Whens the Zymol wheel brush due in?

And whats the caddy? is it like a bucket/grit guard thing?


----------



## Brazo (Oct 27, 2005)

^^Yep but without the grit guard. I fondled one today it has a great 'skirt' to it and will fit a grit guard nicely :thumb:


----------



## Alex L (Oct 25, 2005)

Brazo said:


> ^^Yep but without the grit guard. I fondled one today it has a great 'skirt' to it and will fit a grit guard nicely :thumb:


Skirt


----------



## Brazo (Oct 27, 2005)

The zymol bucket fits a grit guard nicely and it has a 'skirt' with pockets wrapped around the bucket to store products :thumb:


----------



## Alex L (Oct 25, 2005)

Brazo said:


> The zymol bucket fits a grit guard nicely and it has a 'skirt' with pockets wrapped around the bucket to store products :thumb:


Ohh a utility belt:thumb:

And there was me hoping it was like a golf caddy


----------



## Brazo (Oct 27, 2005)

Yes lol a utility belt!


----------



## Johnnyopolis (Oct 25, 2005)

I really thought Brazo was gonna buy one today... He just couldnt keep his hands off it... He also kept giving it those "longing" looks....

Johnny


----------



## Brazo (Oct 27, 2005)

The Titanium won me over!!


----------



## Rich (Oct 26, 2005)

Will be worthless now if Brazo has had his buttery mitts all over it! Sell that one on discount?


----------



## Alex L (Oct 25, 2005)

Thats quite cool

What about the brush?


----------



## Brazo (Oct 27, 2005)

Rich said:


> Will be worthless now if Brazo has had his buttery mitts all over it! Sell that one on discount?

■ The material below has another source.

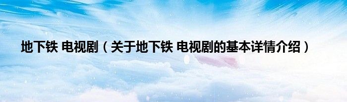 地下铁 电视剧(关于地下铁 电视剧的基本详情介绍)

Does that mean you are worthless?


----------



## Rich (Oct 26, 2005)

PMSL - I guess so


----------



## Johnnyopolis (Oct 25, 2005)

I think i have a box of wheel brushes....

Will check monday.


----------



## Alex L (Oct 25, 2005)

Johnnyopolis said:


> I think i have a box of wheel brushes....
> 
> Will check monday.


Cheers mate:thumb:


----------



## HeavenlyDetail (Sep 22, 2006)

Have 2 zymol caddys but farty xmas has them on his sleigh and i bet he dont deliver as pronto as johnnys little elves!!!


----------



## rorton (Jun 29, 2006)

how much those buckets ???


----------



## deej (Jun 18, 2006)

28 quid each, but you do get 8oz of Zymol Clear with each one along with a sponge and chamois.

Pretty good value i suppose, they do look very smart.


----------



## rorton (Jun 29, 2006)

ohhhh, may have to be a xmaz prezzy , whats the clear stuff? and is the sponge a 'sponge' (i.e. instant swirl inducer??)


----------



## deej (Jun 18, 2006)

Clear is Zymols shampoo, by all accounts its rather good stuff.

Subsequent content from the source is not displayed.